BAMAKO (Reuters) – West African leaders seeking a return to democracy in Mali will on Friday demand that the military junta that ousted the president in a coup last week appoint a civilian head of government to oversee a transition lasting no more than a year.
The junta has said the political transition will last at least two years, but the leaders of the 15-nation Economic Community of West African States (ECOWAS) will tell the officers that engineered Aug. 18 the coup to cut that period in half.
“ECOWAS will not accept any transition longer than twelve calendar months,” an internal report by mediators dispatched to the Malian capital Bamako last week said.
The report, not published by ECOWAS but posted on several websites, also requires that civilians fill the posts of both president and prime minister.
Mali’s neighbours and international partners fear that prolonged instability in Mali could further destabilise the West African nation and undermine the fight against Islamist militants there and in the wider Sahel region.
The mediators held three days of talks with the coup leaders that ended on Monday with no agreement, but actions by the junta suggest there may be room for a compromise.
The coup leaders, who are anxious for regional sanctions that ECOWAS imposed on the country since President Ibrahim Boubacar Keita’s ouster to be eased, had originally said the transition back to civilian government would take three years.

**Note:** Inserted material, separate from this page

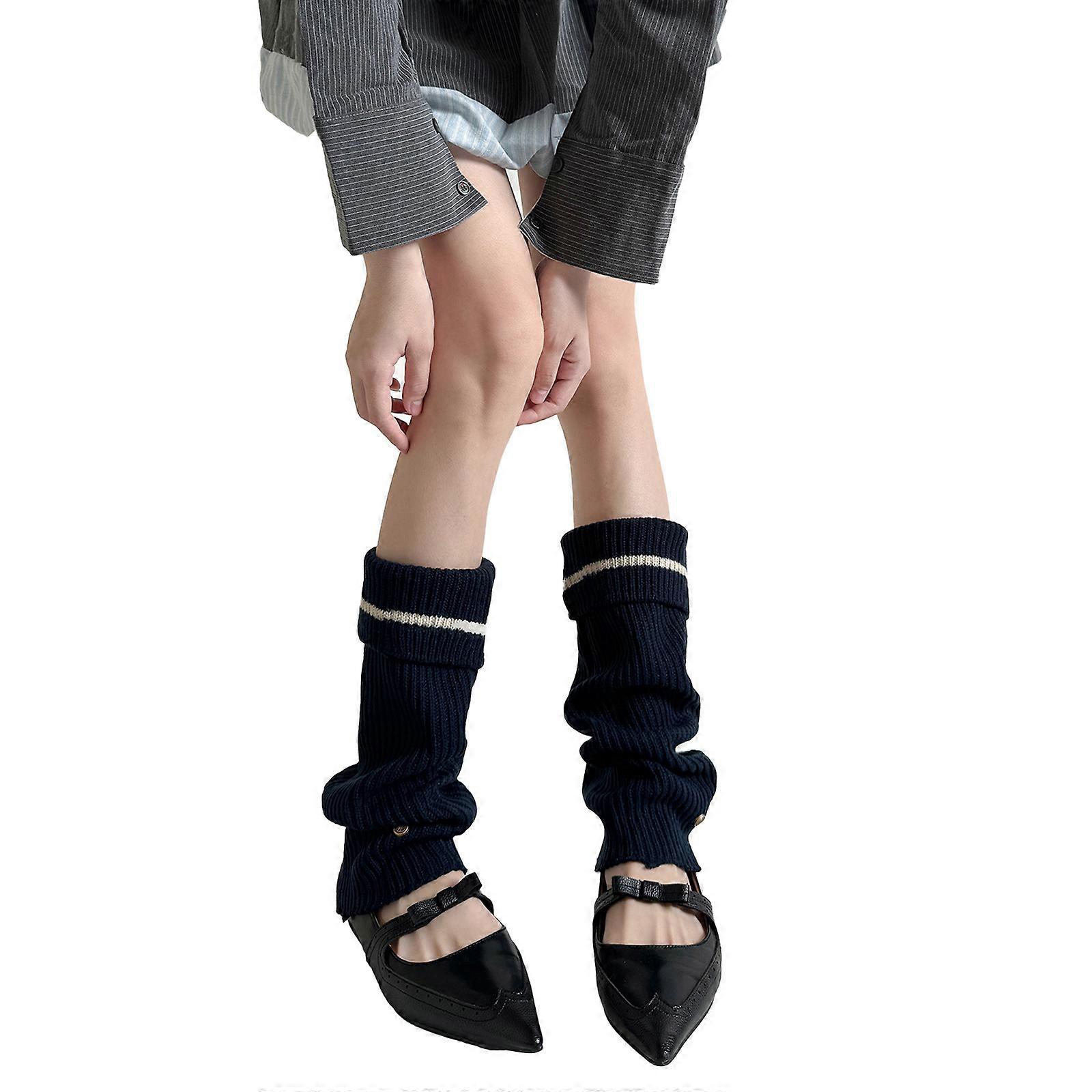 Women Harajuku Ribbed Knitted Leg Warmers with Metal Button Elegant Turn Cuff Striped Boot Covers Flared Calf Socks Navy blue
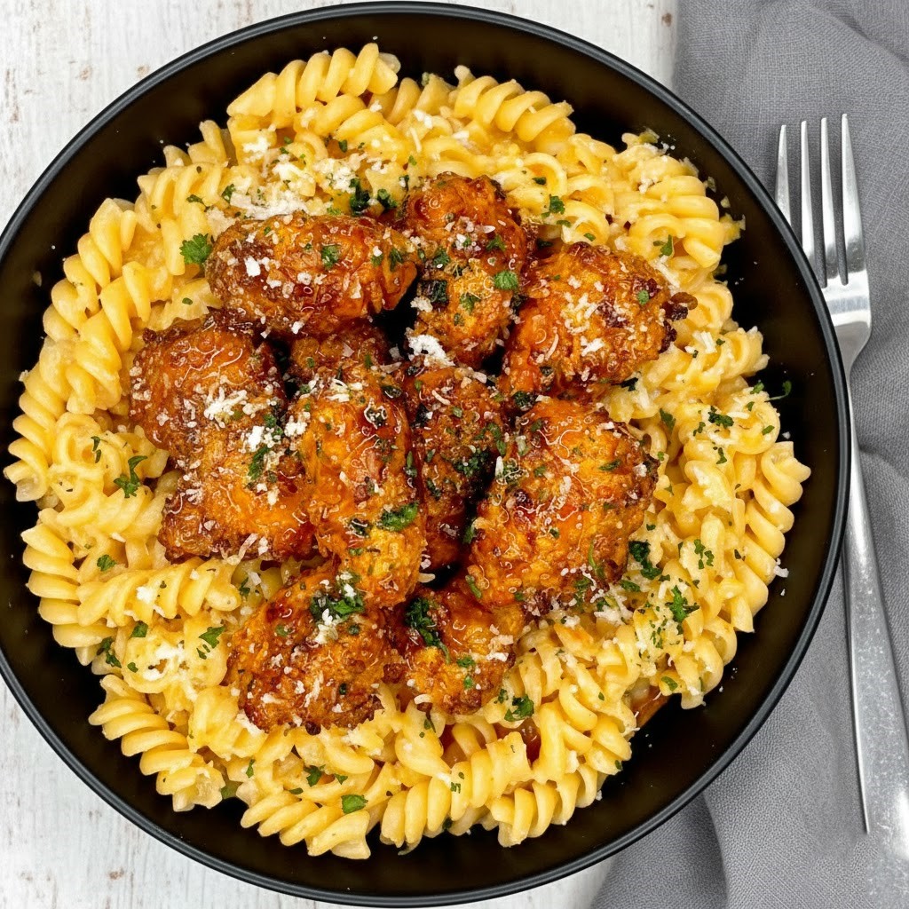 For gatherings, place the pasta in a large serving dish and top with the crispy chicken. It’s perfect for family-style dinners or potlucks.

As a potential gesture of goodwill ahead of Friday’s virtual summit with ECOWAS leaders, the soldiers on Thursday released Keita and allowed him to return home.
“The onus is on the (junta) to provide assurance on a quick return to political normalcy through a credible process. This would facilitate the process for the lifting of sanctions,” the mediators’ report also said.
Ten days ago Keita dissolved parliament and resigned, hours after being detained at gunpoint and taken to military barracks outside the capital.
According to the document, Keita repeatedly told the ECOWAS mission he stepped down voluntarily “for the peace and reconciliation of Mali.”